The fact that a GPU made up of 4 chiplets reaches 6 TFLOPS when the input range for PC already reaches that may surprise us, but we must bear in mind that it is a design designed for mobile processors, but with the goal of reaching cloud computing and not to be used in a Gaming PC.

Designed for data centers and cloud computing

Let’s not forget that in servers it is normal to use several processors and that we have more and more servers based on smartphone processors. Nor can we forget the tendency to virtualize a graphics card in the cloud for several clients, by its nature, the Fantasy I does not require virtualization, each of the chiplets that compose it can work as a small GPU.

So we have an architecture that derives from mobiles and scales up to data centers, but without going through the neighborhood that is the PC. This means that it lacks a series of features that today are essential for PC games.
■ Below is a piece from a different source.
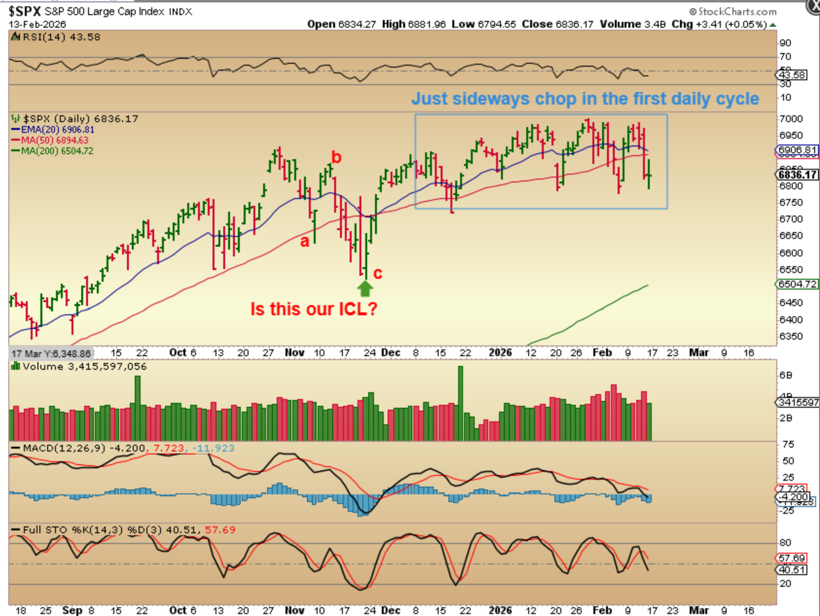 NASDAQ – This current choppiness looks VERY SIMILAR to the same time period last year. We were choppy with all of the ‘tariff’ talk in early 2025 and suddenly the real ICL came in the form of a crash. We saw an A-B-C drop into the APRIL ICL CRASH made up of 2 daily cycles lower.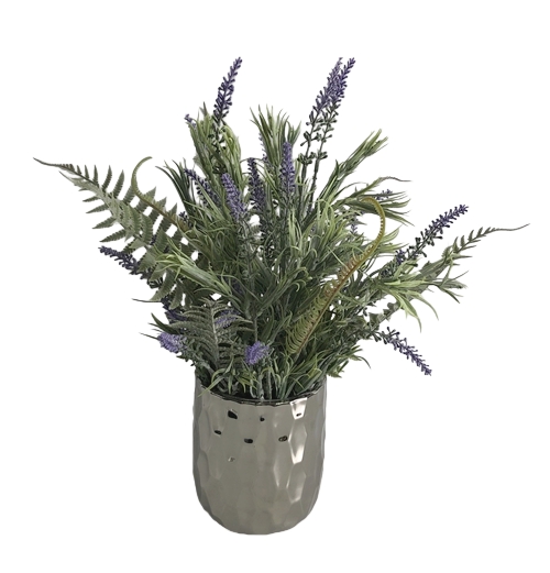 ARTIFICIAL LAVENDER IN ELECTROPLATE CERAMIC POT (P5260-45)

That is why, despite the fact that the appearance of the Fantasy I may be reminiscent of that of a Gaming GPU or it does not look serious with those colors, they really are for cloud computing, although it is a first generation. Are we facing the future where the graphics card is not in the hands of the user, but in the server?

In any case, China as a rival superpower of the United States needs to be totally independent from a technological point of view and this means creating its own solutions outside of the classic ones from NVIDIA, Intel and AMD, which we remember are American companies.